Let’s focus on the estimated HTEs for three randomly chosen users:

print("R-learner:  ",HTE_R_learner[np.array([0,1000,5000])])

R-learner:   [0.05127254 0.08881288 0.10304225]

ATE_R_learner = np.sum(HTE_R_learner)/n
print("Choosing Drama instead of Sci-Fi is expected to improve the rating of all users by",round(ATE_R_learner,4), "out of 5 points.")

Choosing Drama instead of Sci-Fi is expected to improve the rating of all users by 0.0755 out of 5 points.

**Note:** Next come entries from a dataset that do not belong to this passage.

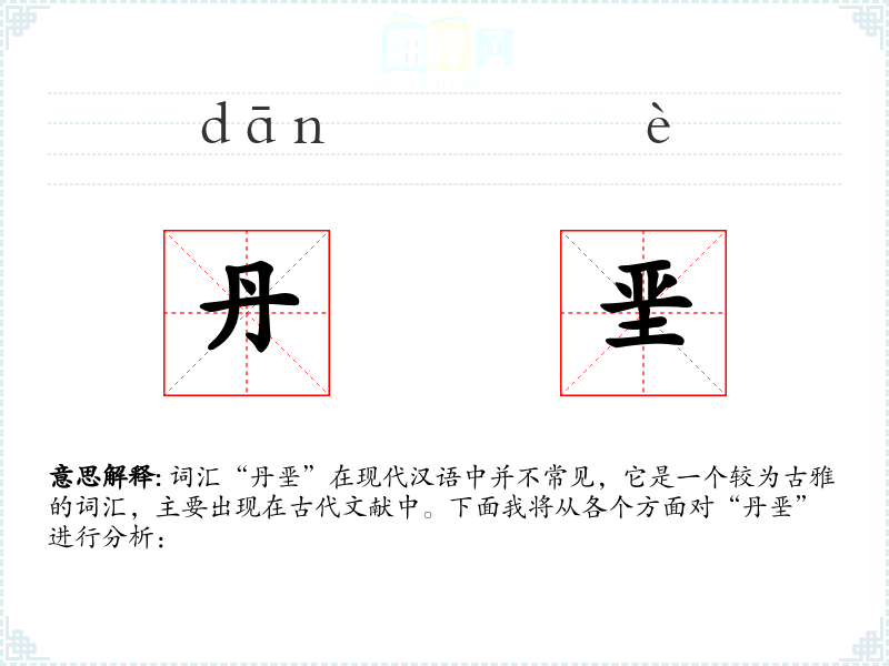 “丹垩”一词由两个字组成:“丹”和“垩”。其中,“丹”通常指红色,如丹砂、丹心等;“垩”则指白色的土,如垩室(用白土涂刷的房间)。因此,“丹垩”字面意思是指红色和白色,但在古代文献中,它更多地被用来形容色彩鲜明或装饰华丽的场景。
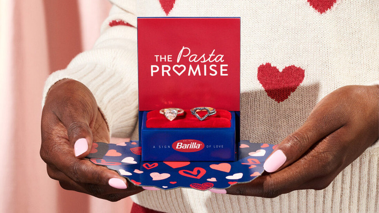 The wide release of Barilla Love is probably all the good news pasta fans need, but the company also has one more offer for Valentine's Day. As part of the pasta's release, it will also be running a sweepstakes called The Pasta Promise Giveaway, where customers can enter to win two stackable, Barilla Love-inspired diamond and ruby-encrusted heart-shaped rings called Ring-a-toni. They are designed by artist Alison Lou, with one being hand painted in Barilla-blue enamel and the second set with a pave 14-carat gold 0.25-carat ruby band and 3.51-carat white diamond bezel heart. So if you want to make this season truly special you can enter on the Barilla Love website from January 23 at 10:00 am EST through February 9 at 11:59 pm ET.
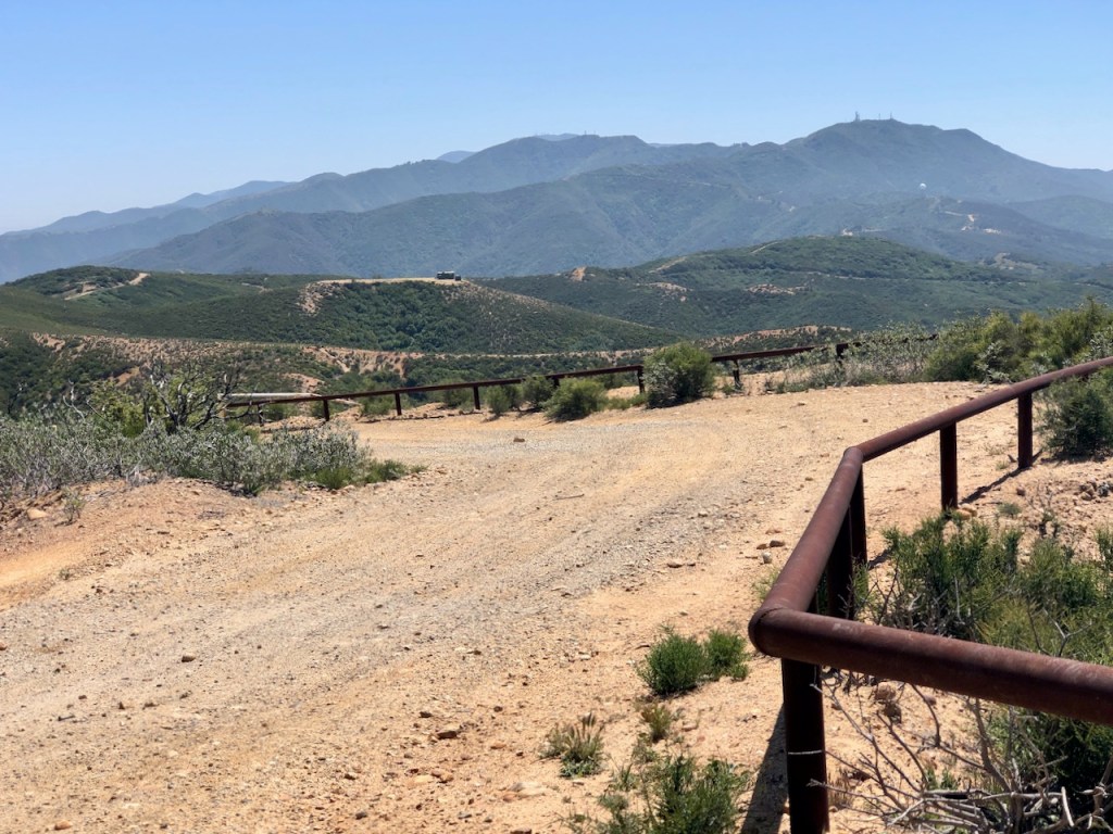 Glancing to my right, as I neared Sierra Peak, I could see Pleasants Peak in the distance, among others. I was now at Main Divide Rd, which is only open seasonally to vehicles. It is a wide, unpaved rough, and sometimes very rutted fire road.

Conclusion: Choosing Drama instead of Sci-Fi is expected to improve the rating of all users by 0.0755 out of 5 points.

References

2. Xinkun Nie and Stefan Wager. Quasi-oracle estimation of heterogeneous treatment effects. Biometrika, 108(2):299–319, 2021.

3. Peter M Robinson. Root-n-consistent semiparametric regression. Econometrica: Journal of the Econometric Society, pages 931–954, 1988.